Jetzt quälen wir uns wieder hoch zum *Salzstieg* und weiter Richtung *Bad Harzburg* zum Radau-Wasserfall. Dem *Radautal* folgend, kommen wir dann zum *Satzstieg* über dessen Wurzeln und Steine der Rückweg hoch nach *Torfhaus* führt.

Geschätzte 65-85km/1200-1600Hm


----------



## dave (16. Januar 2004)

Hey, mein Name fehlt ja noch auf der Liste.  Und wo ist Badehose?!   Wehe Du tauchst nicht auf Gene! 
Wie ich sehe ist ja schon alles geplant. Müssen also nur noch hinfahren und uns in die Sättel schmeißen, wie?
Werde den Link zum Thread mal in KO und AC verbreiten. Das Zimmer sollten wir doch locker wieder füllen können! 
Soll ich Steve auch fragen?

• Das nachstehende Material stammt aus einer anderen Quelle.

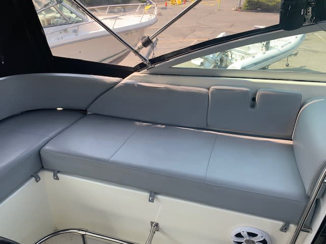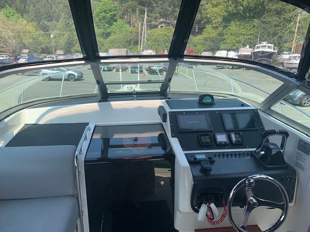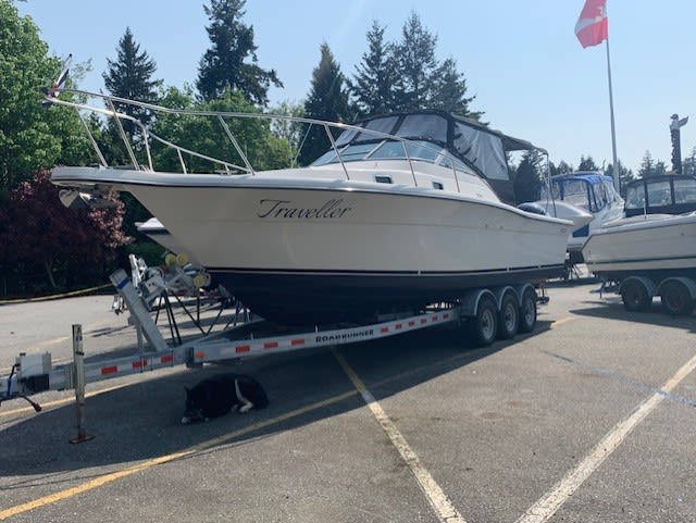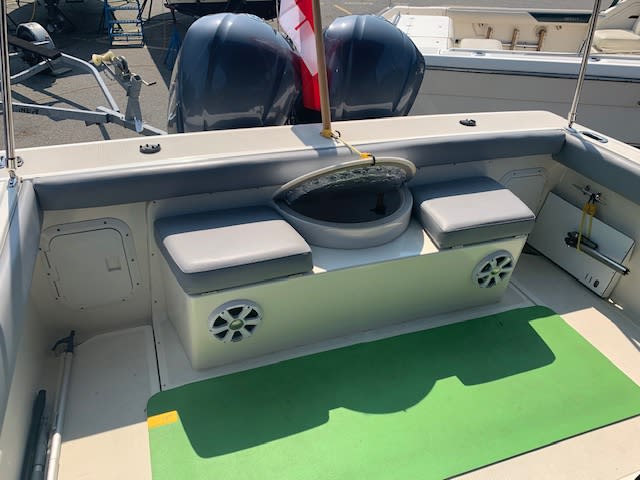 No Luxury Tax ! Wow this gem of a Pursuit really sparkles. This 1991/2014 2800 Open was refit completely and has lived indoors on a trailer since. From the twin F300 Yamaha outboards on the pod (only 245 hrs) to the stainless claw anchor on the bow, this one has class. The new canvas even has tinted windows, the upholstery is plush and beautiful. First class electronics, twin Garmin GPS map screens , Garmin VHF radio, top of the line Fusion sound system, fly by wire engine controls, 3 digital Yamaha gauges, chargmaster battery charger, 30 amp shore power, 2 banks of AGM batteries 31 and 24 series, 1500/2000 GPH bilge pumps, bennett trim tabs, GFCI AC outlets. The cabin has a teak and holly sole, enclosed head/shower, Vberth, galley. The cockpit makes fantastic use of the space where the motor used to be, there is a cavernous below deck storage space. There is a cockpit live well, removable bait cutting board. It even has a custom galvanized triple axle 17,000GVW road runner trailer. What a great package, they simply don’t built boats like this anymore. Call anytime for an opportunity to view. Ask about how to get out on a thrilling sea trial.

Obwohl ... wenn wir alle Schrauben an seinem Bike mit LockTite festkleben, dürfte ja nicht so viel passieren ... Bin sowieso gespannt, wie die Pannenstatistik ausfallen wird.


----------



## Hattrick (16. Januar 2004)

> Als Unterkunft habe ich wieder die Torfhaushütte (www.torfhaushuette.de) ins Auge gefaßt und schon mal schnell ein Kontingent Schlafplätze gebunkert (18-20).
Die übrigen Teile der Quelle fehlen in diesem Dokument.